Since gas chromatography is useful in identifying the individual elements and molecules present in a compound, it has been applied in forensic pathology to determine which fluids and compounds are present inside a human body after death. This is vital in determining whether or the person was intoxicated either from alcohol or drug abuse at the time of death, or indeed whether there is any poison or other harmful substance present in their body. Of course, this is imperative knowledge to determining cause of death and possible motive and culprit in the case of foul play.

Crime Scene Testing

Gas chromatography can also be used to test samples found at a crime scene, whether these be blood samples or fibre samples from clothing or other materials. This allows scientists to pinpoint exactly what (and perhaps who) was present at the scene of the crime, and may even allow them to develop theories on where the suspect (or victim) had been before, depending on the variety of material found. Gas chromatography is incredibly useful here, since it can accurately identify substances with no error margin – which, in court, is understandably imperative.

Arson Investigation

The US Fire Administration believes that arson is the biggest cause of fires in the US, and the second biggest cause of death and injuries, and as such, arson investigation in forensic science is a very important discipline. Because fires are most often started using a cocktail of hundreds of different compounds and components, and these vary in terms of strength and concentration, it can be hard to determine what exactly started the fire. This problem is exacerbated by the fact that many compounds are dissolved during the fire, altering the makeup of the original incendiary.

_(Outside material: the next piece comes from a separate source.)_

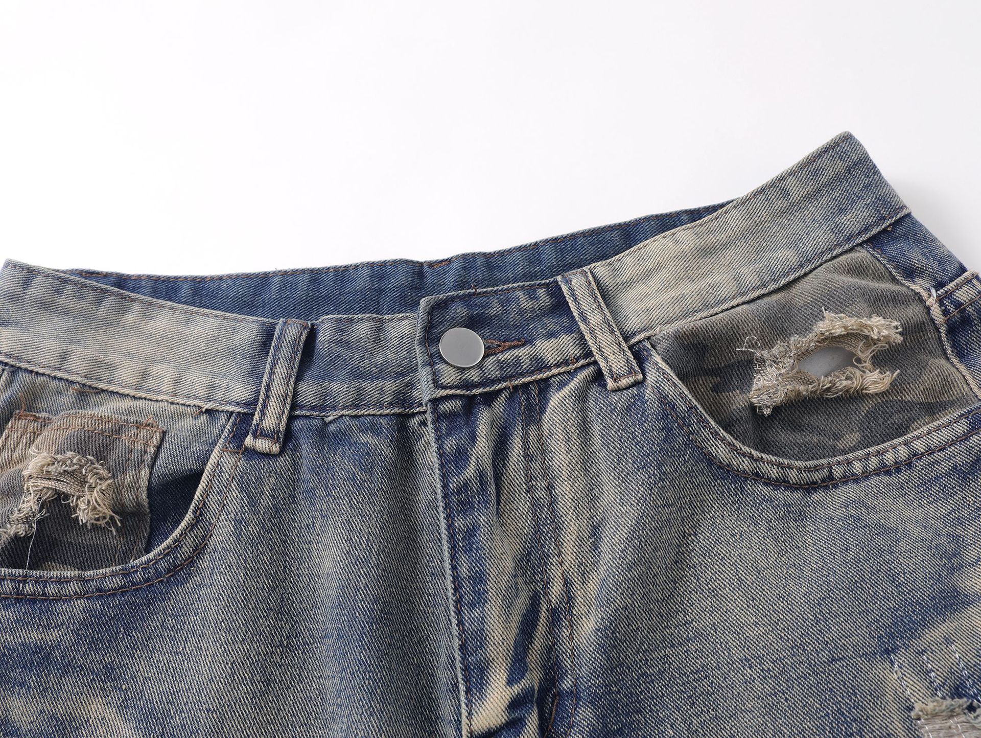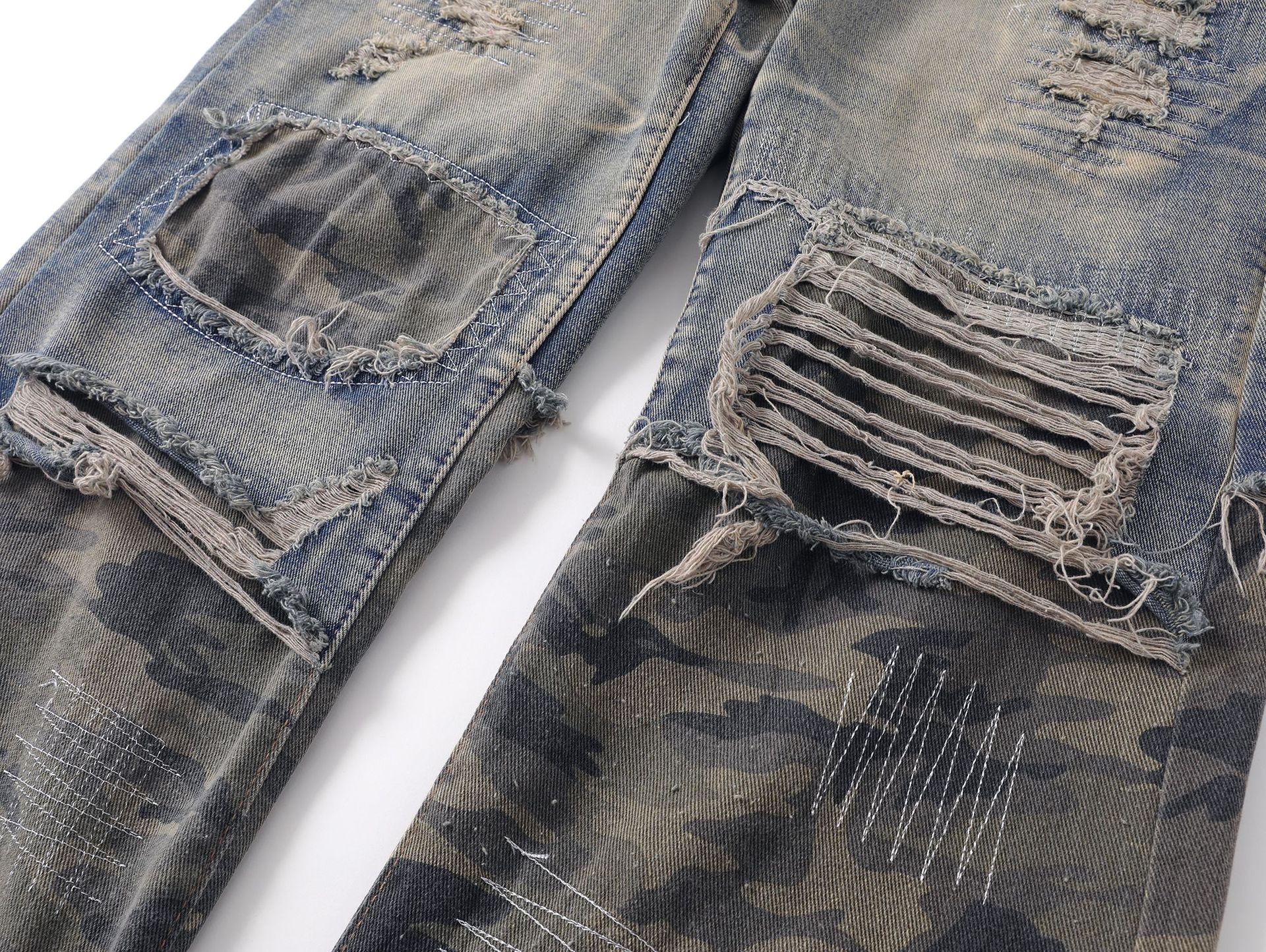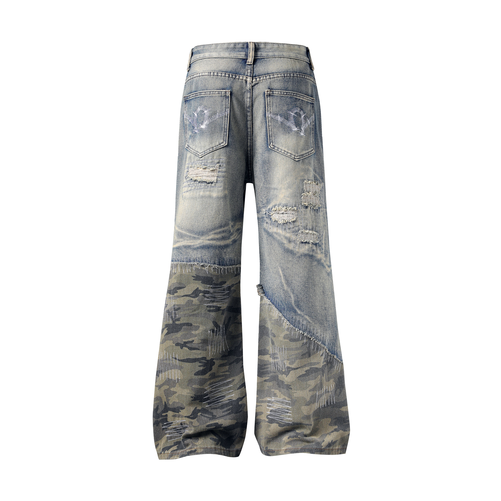 Camouflage Patchwork Damage Denim Jeans WN14445

However, a 2007 report by Yao Lu and Peter B. Harrington named “Forensic Application of Gas Chromatography-Differential Mobility Spectrometry with Two-Way Classification of Ignitable Liquids from Fire Debris” argues that gas chromatography can be a low-cost alternative of detecting flammable liquids, on-site. After testing a selection of flammable liquids, readily available to the public, they concluded that an incorporation of differential mobility spectrometry into gas chromatography (or, more simply, GC-DMS) yielded better, more detailed and more accurate results. Since then, such uses of gas chromatography have become well-recognised and widely accepted in the forensic studies fields.